Atmospheric
Optics
Freezing Bubbles
Water caught in the act freezing by Daniela Rapava at Rimavská Sobota Observatory, Slovakia. The air was at about minus 5 Celsius.
Daniela’s bubble mixture was quite concentrated, 1-2 volumes sugar, 2 volumes water and 3 of detergent.
The phase change from water to ice or crystallization needs tiny nuclei, seeds, on which crystals can grow. Otherwise the water stays in a higher Gibbs energy state as a supercooled liquid. Eventually, homogeneous nucleation will occur at temperatures of -40 C or even well below in pure water.
Crystal growth is restricted by the thin film into plate-like habits with strong six-fold hexagonal symmetry. Each crystal grows along three (bi-directional) growth axes. Growth along the fourth (c) axis is restricted. The geometry echoes the underlying structure of ice at the atomic level.
At some stage the sugar could also be crystallizing out. Observe the fascinating growth of the latter on a microscope slide with crossed polarized light.

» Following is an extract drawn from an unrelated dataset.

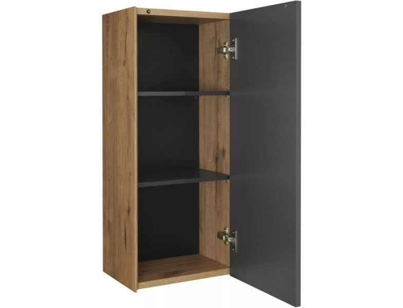 Дополняет коллекцию предметов мебели Сохо шкафчик в созвучном дизайне: боковые стенки ЛВДСП Дуб веллингтон, фасад –плита МДФ в пленке с покрытием soft touch в цвете антрацит. Внутри полки из ламинированной влагостойкой ДСП в цвете антрацит.

The colours could be thin film interference and/or birefringence.
Bubble blowing is fun!
All images ©Daniela Rapava
A chemist's ball and stick model of ice showing its hexagonal structure.
The red balls represent large oxygen atoms. Between them along the white sticks but not equidistant are hydrogen atoms.
Each hydrogen is tightly (covalently) bonded to one oxygen and much less so to the other. That the latter weak bonding occurs at all gives ice an open, lower density, structure that allows ice to float and us to exist.